Battle lines drawn again for farmers’ ‘rich’ rewards

It has gone in cycles over the past 50 years, but it appears the battle lines are again being drawn between the federal government

It has gone in cycles over the past 50 years, but it appears the battle lines are again being drawn between the federal government and the agriculture industry over farm-support programs.

Various federal officials are claiming the Agri-Stability program is too rich. Essentially, farm support kicks in when a producer’s income falls below 85 per cent of the previous five years’ average income. That level seemed to satisfy the federal and provincial bureaucrats and their ministers in the past, but that was then and this is now.

Now the federal Conservative government is on a deficit-reduction crusade and they have been looking for soft targets that won’t attract a lot of public or media attention. Clearly, the agriculture sector comes to mind when the latter two are a consideration.

After all, city voters and the urban media don’t care much about the fate of a few farmers who have shown a predilection to vote Conservative anyway, no matter how much the government abuses them.

It seems nefarious federal number crunchers determined that if the Agri-Stability support level was reduced to say 50 per cent, the program would likely never pay out and save as much as $2.2 billion. It was finally recommended that the program be reduced to 70 per cent. That would still result in a saving of $1.2 billion.

Clearly, making billion dollar savings at the expense of the agriculture sector is just too tempting for any government. Besides, on the crop-production side, grain and oilseed prices have seen a steady increase and could see new highs if the American drought creates shortages as predicted. That makes growers’ complacent about any changes to the program today, though they might wish they had paid more attention if future prices and markets hit the skids.

What also worries government program administrators is that a few years of consistently high commodity prices raises the overall payout threshold for future years, especially if future market prices really collapse. Payouts could end up being many more billions than the present program levels. What causes one to ponder about that expensive scenario is — why didn’t the geniuses who created the program anticipate that possibility.

Actually, it’s part of a long-established pattern where government program planners in faraway Ottawa office towers are determined to base programs on price averages that will never change. Amazingly, they never plan for prices that might significantly rise or fall on very short notice — which is becoming more commonplace. They do throw out the highest and lowest figures in the average, but that doesn’t work that well in a consistent decreasing market price situation spread over a few years.

The livestock industry was the best example of that over the past few years.
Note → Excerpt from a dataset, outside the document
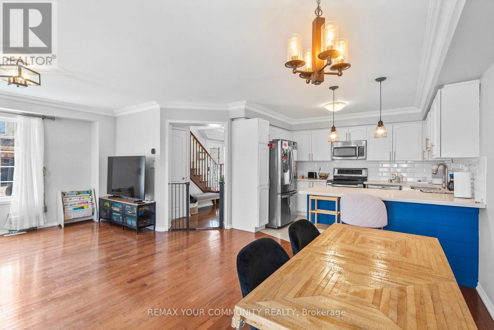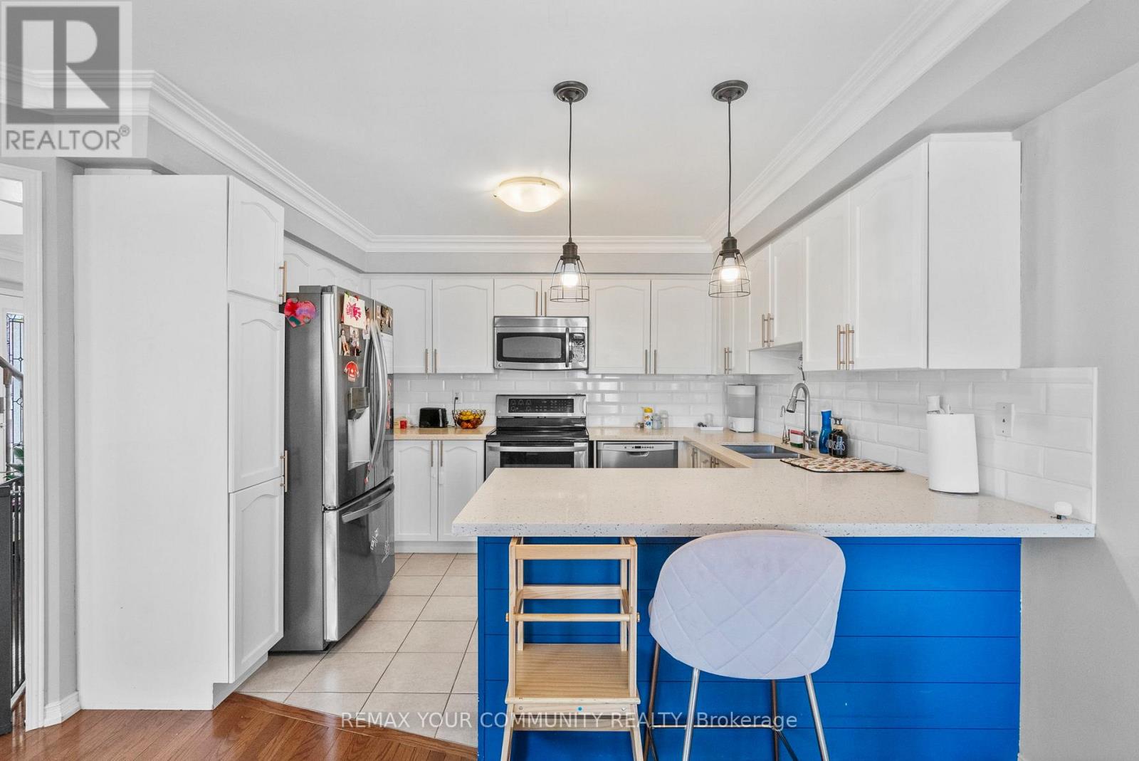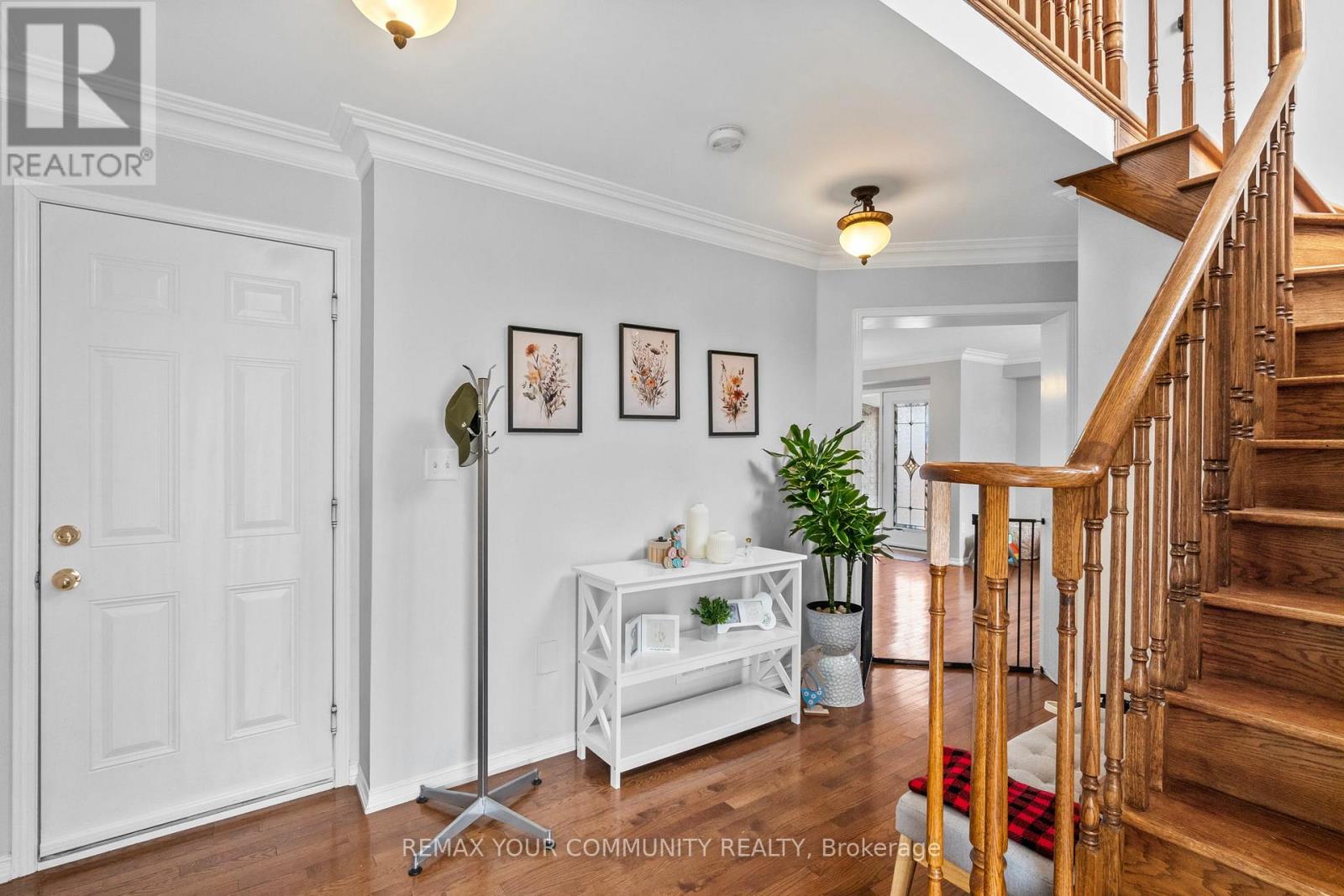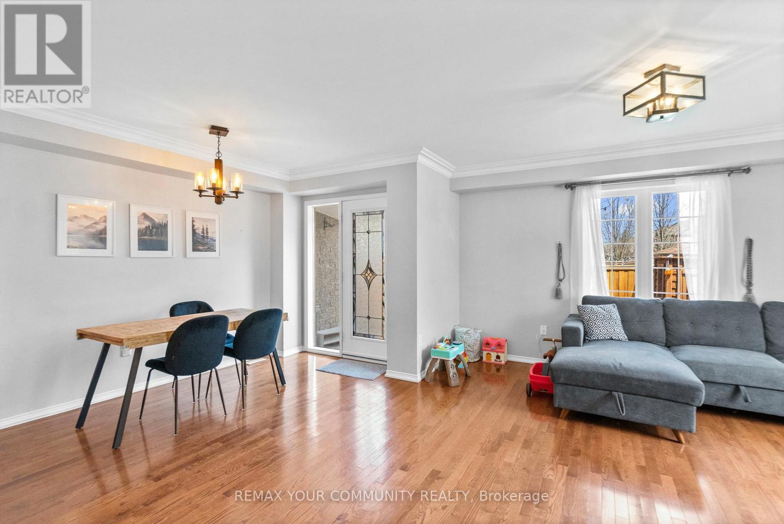 Welcome to this beautifully maintained 3 bedroom end unit townhome in the highly desirable Brooklin community of Whitby. Offering 1,761 sq. ft. of thoughtfully designed living space, this home is a fantastic opportunity for first time buyers, condo upsizers, downsizers, young professionals, and families looking for more space, comfort, and a true neighbourhood lifestyle. The large wraparound porch creates instant curb appeal and offers the perfect spot to enjoy your morning coffee or unwind at the end of the day. Inside, the main floor features crown moulding, a bright open layout, garage access, and an upgraded modern kitchen with quartz countertops, ideal for everyday living and entertaining. The ground floor office with wraparound windows provides a beautiful work from home space, reading nook, or creative studio. Upstairs, you will find three spacious bedrooms and the convenience of a second floor laundry room. The professionally finished basement adds valuable living space, perfect for a rec room, guest area, home gym, or movie night setup. Recent and practical upgrades include a new furnace installed in December 2025, an owned water softener, upgraded front and backyard doors, and a custom built wooden shed. Set on a premium lot with professional landscaping, this end unit offers extra outdoor space and a backyard that feels private, functional, and easy to enjoy. The location is exceptional, just steps to Brooklin Memorial Park with a track field, skate park, arena, and tennis courts. You are also close to grocery shopping, Highway 407, Lyndebrook Golf Course, Heber Down Conservation Area, walking trails, and community centres.Brooklin is loved for its small town charm, family friendly streets, parks, trails, and convenient access to major routes. This is the kind of home that gives you room to grow, space to simplify, and a connected lifestyle in one of Whitby's most desirable communities. (id:50787)

Hogs showed a persistent price depression for a number of years in a row — the program could not adjust to that quickly enough and producers received little support, even in the direst of times.

Some payments were triggered, but only after tinkering with the formula. The same happened to cattle producers in past drought situations. Heck, even when the formula kicks in, the feds only seem to get in motion after producer groups hammer on them to activate the program that producers are entitled to. I expect history will repeat itself with livestock producers, as cow/calf market prices are expected to drop considerably as feedlots squeeze them due to very high feed-grain prices.

At the recommended 70 per cent or lower trigger rate, those producers will probably not see much of a payment anytime soon.

What is also worrying bureaucrats is the possible future image of some crop farmers receiving million dollar government cheques if the trigger stayed at 85 per cent and grain prices collapse. Such payments have occurred with past programs and has to do with the reality that there are more mega-farming operations that involve many thousands of acres and millions in bushels and dollars.

As fair as such payments might be, making million-dollar-plus payments to mere farmers is still something the urban public and media can’t comprehend. Such folks have been raised on the image of farming being akin to “Old MacDonald’s Farm,” not large-scale corporate commercial agriculture.

It seems that never in the 50-year history of national farm support has any of the myriad programs ever worked as expected, or been free from political interference. I guess, at least, that has been consistent.

Will Verboven is the editor of Alberta Farmer.